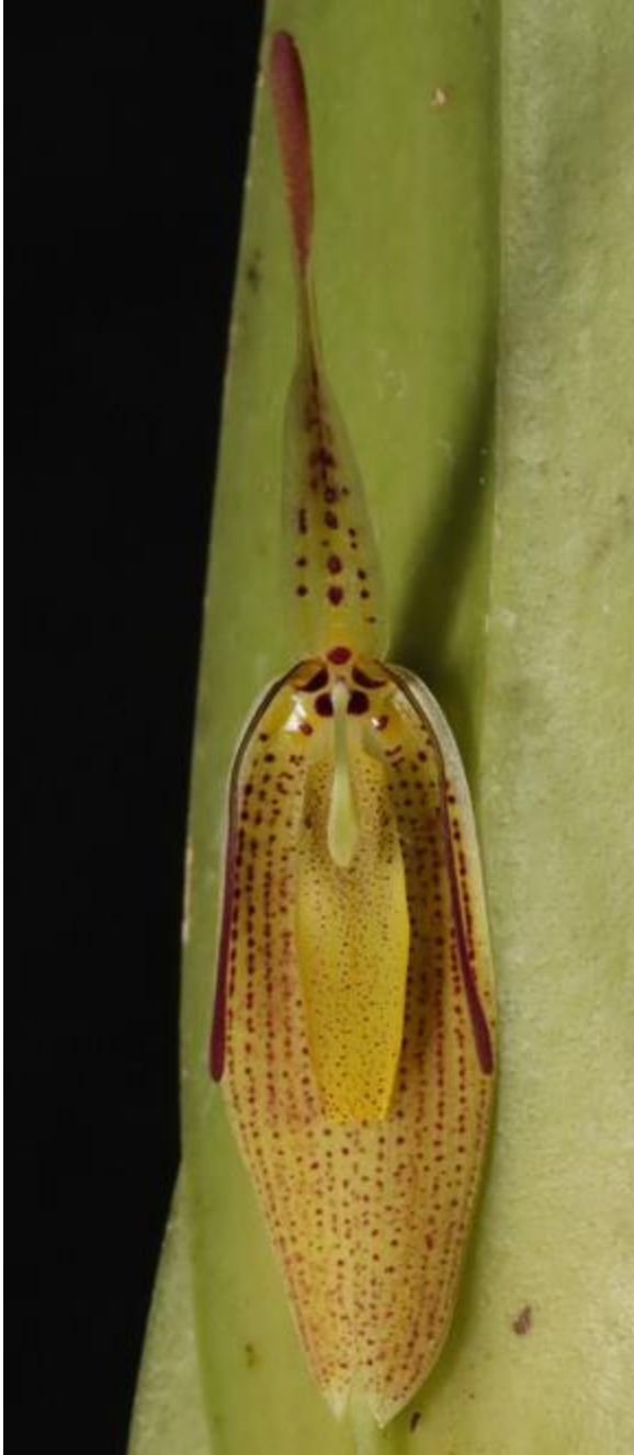
Restrepia mendozae . Native to southeastern Ecuador in the Cordillera del Condor at elevations around 1500 meters as a small sized, warm growing epiphyte. But this plant is growing well in a cool greenhouse. It is planted in sphagnum moss in a clay pot. Grown by Chris Ehrlar.
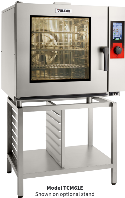
Model TCM61E Shown on optional stand
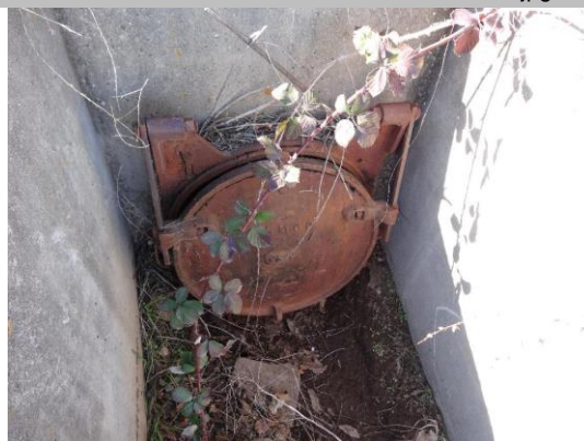
WS view: U type concrete headwall, pipe, and flapgate on levee slope. Vegetation debris blocking outlet.
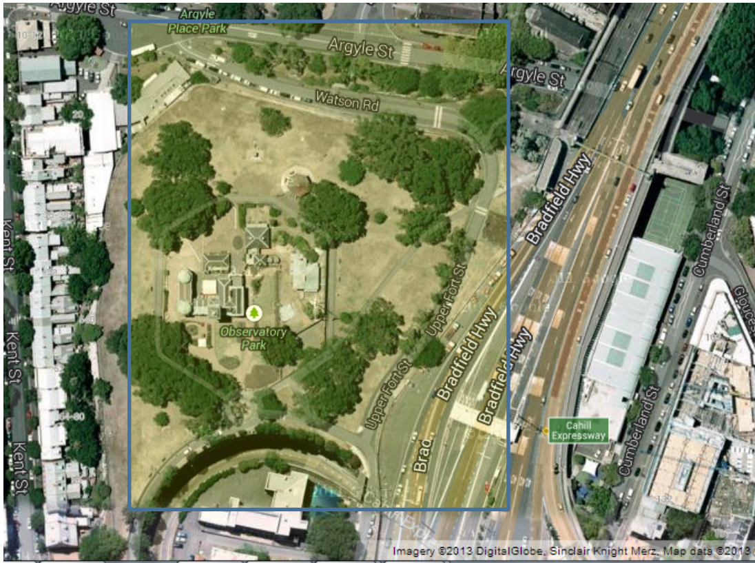
Google Satellite Map – Event Area
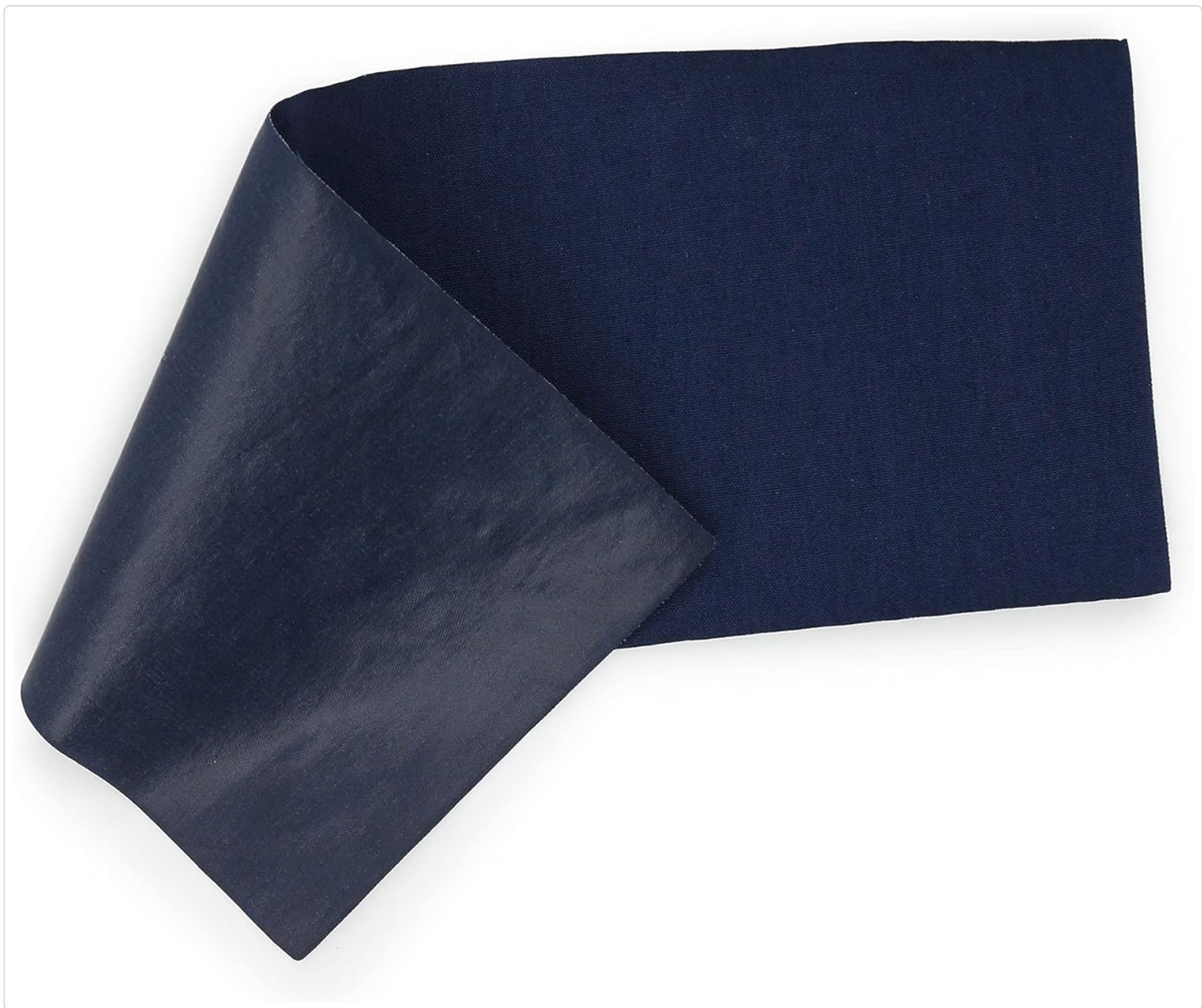
Image 3.1: A close-up view of the mending tape, highlighting the shiny adhesive side that should face down during application.

····················

* AIM OF THE EXERCISE:
Without including any picture, retype the entries exactly.

* ANSWER FOR THE TASK:
Restrepia mendozae . Native to southeastern Ecuador in the Cordillera del Condor at elevations around 1500 meters as a small sized, warm growing epiphyte. But this plant is growing well in a cool greenhouse. It is planted in sphagnum moss in a clay pot. Grown by Chris Ehrlar.
Model TCM61E Shown on optional stand
WS view: U type concrete headwall, pipe, and flapgate on levee slope. Vegetation debris blocking outlet.
Google Satellite Map – Event Area
Image 3.1: A close-up view of the mending tape, highlighting the shiny adhesive side that should face down during application.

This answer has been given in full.